I ran across this snippet online yesterday: “I took a while, but we trained through Issue X. I’m so glad I didn’t follow my vet’s advice and try medication.”
It was a “close the computer and walk away” moment.
I don’t think psychiatric medication is the solution to every training issue. Not even every fear-based issue. I tried every positive training method and mood enhancing magic widget out there before we switched to medication; I understand why people are hesitant. But if your dog has a problem severe enough that your veterinarian is recommending medical intervention, why on earth would you persevere through training without it? If your dog is that miserable, why are you withholding help?
Let’s pretend this comment was about, say, Kennel Cough. “It took a while, but my dog finally quit coughing. I’m so glad I didn’t use medication.” Does that make sense to you?
What’s at issue here is fear and misunderstanding.
People assume that a dog on medication for a mental problem is going to be stuck taking it forever, and they assume that the dog will become a zombie robot.
Neither of those things is true.
According to our veterinary behaviorist, very few of her patients require medication indefinitely. Psychiatric medication in dogs is largely a training aid–the medication helps your dog have a milder reaction to X, and over time they learn not to have a bad reaction to X anymore. That learning stays in place, even when the medication is gone. It isn’t a fast process, but a year or two (the timeline the behaviorist mentioned as fairly common for her patients) is not forever.
As for the zombie-robot angle, that is also not true. If medication makes your dog act lethargic, it’s not the right medication or dosage. Dogs who are hyper-vigilant may start to sleep more when they feel less anxiety about their environment, but that’s a good adjustment to a more “normal” way of living. We do have one medication where the top-end dosage made Silas very clumsy, so we don’t give him that dose.
Silas still wants to play from 5:00 until bedtime. He still has enough energy that he’s hard to entertain in a townhouse with no yard. Last night, he ran around upstairs with my husband, then we played upstairs/downstairs fetch, then I did a training session that included running to get treats, then I took him in the garage and did some car training, and THEN he was still so energetic that he and my husband had to chase each other around and around the garage at top speed. We don’t do that much every night, but it’s within the normal range.

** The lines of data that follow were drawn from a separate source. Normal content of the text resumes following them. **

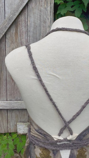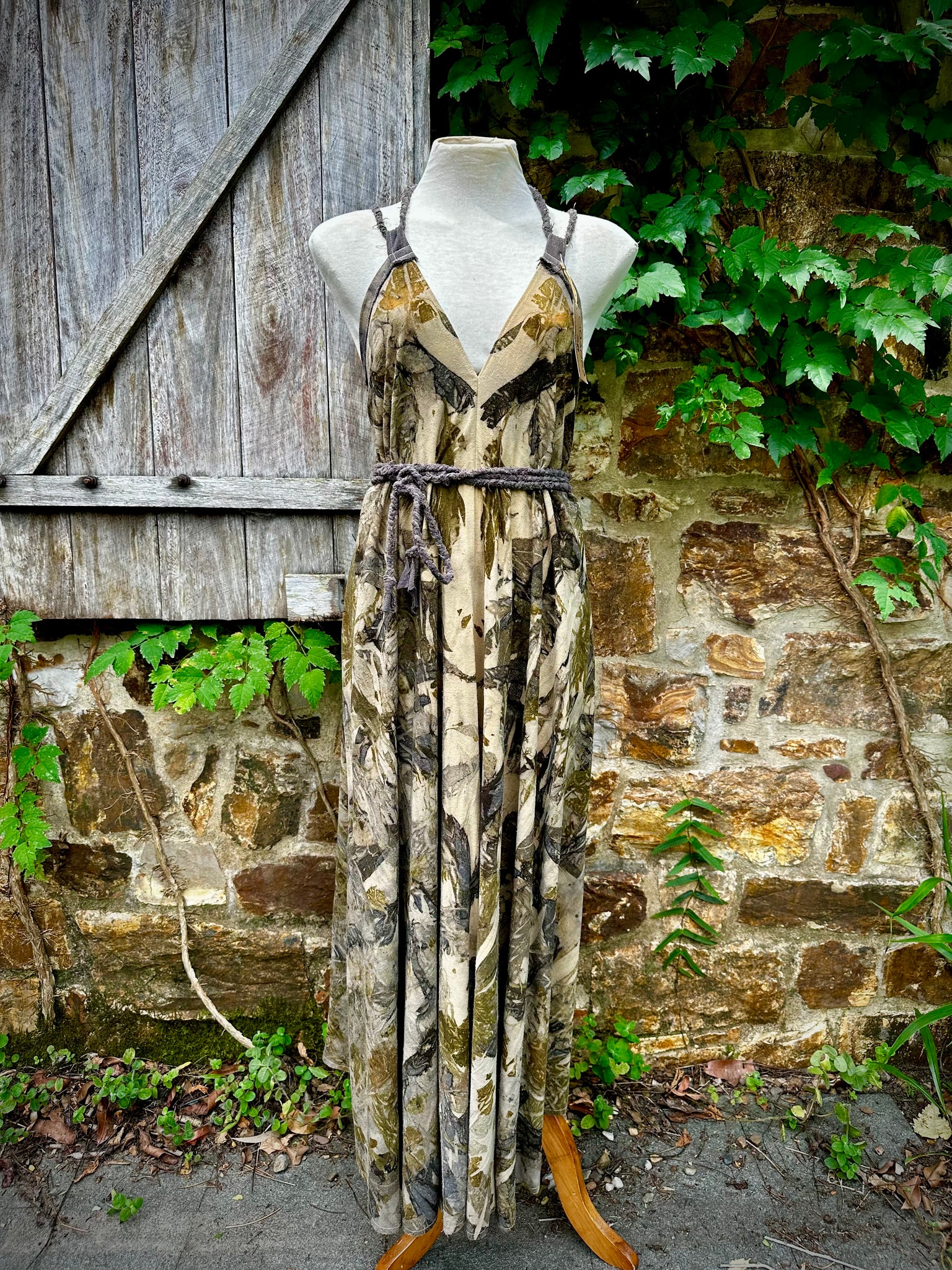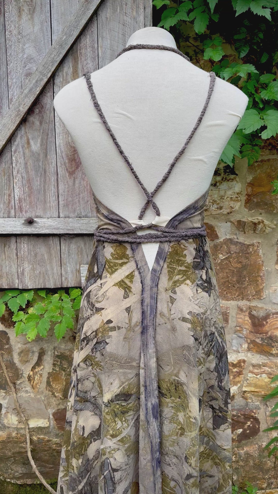 The Eucalyptus plant matter and onionused to dye the fabric is sourced from Wathaurong Country and Kabi Kabi Country. The intention was to create a dress that blended in with our stone walls.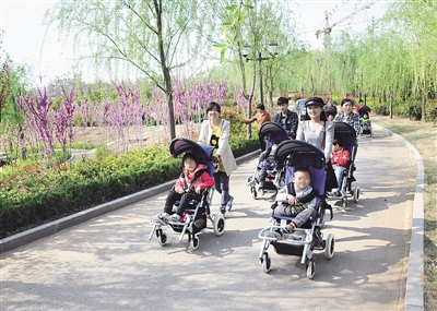 近日,山亭区残疾人康复托养综合服务中心的五名医护人员,带领着在这里进行康复治疗的部分脑瘫患儿走出病房,到当地的紫云湖公园游玩,感受春天的气息。 (特约记者 李宗宪 摄)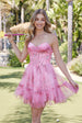 Nox Anabel T207 Fit and Flare Strapless Flower Print Chiffon Dress with Pleated Top, Boned Waistline, Layered Skirt, and Straight Zipper Back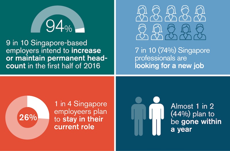 Employees in Singapore are also feeling like they should be on the move, with 34 percent of the 758 people surveyed being active in looking for a new job, while 40 percent are passively seeking one. The restlessness is palpable to the point that 65 percent of the employees surveyed would even consider moving to other countries for work, with Australia, the United States and China as their top three choices.

People also believe that using medication means you are a failure as a trainer.
That isn’t true, either.
Dogs who need medical help overcoming a problem often react so strongly that there’s simply nothing you can train. This is what finally pushed me over the edge with Silas. I read 8000 books and articles saying “start in a place where your dog can see what he’s afraid of, but doesn’t react to it.” Without medication, that place does not exist for Silas. He could see a glint of metal through the trees at the park, and we had to leave. Just being outside was so hard for him that he literally could not eat a cookie or play with a toy, even in familiar places. His medication gives me enough room to do real training. Which brings me to my last point:
Medication is not magic.
The other misperception is that the right pill will “fix” a problem dog immediately. Silas did not start walking on the sidewalk as soon as I handed him the first pill. What the medication let me do was start training him. We could go to a park with cars on the horizon, and we’ve meandered up from that over the last seven or eight months. Yesterday, he stopped to sniff a bush while we were next to the street, and I had to restrain myself from jumping up and down in glee. His “walks” on the sidewalk are literally in the one minute range. But he’s out there. It’s possible that if I had stacked just the right combination of non-medical remedies we might have eventually made similar progress, but I don’t see the point in dragging out his misery just to avoid a well-established medical protocol.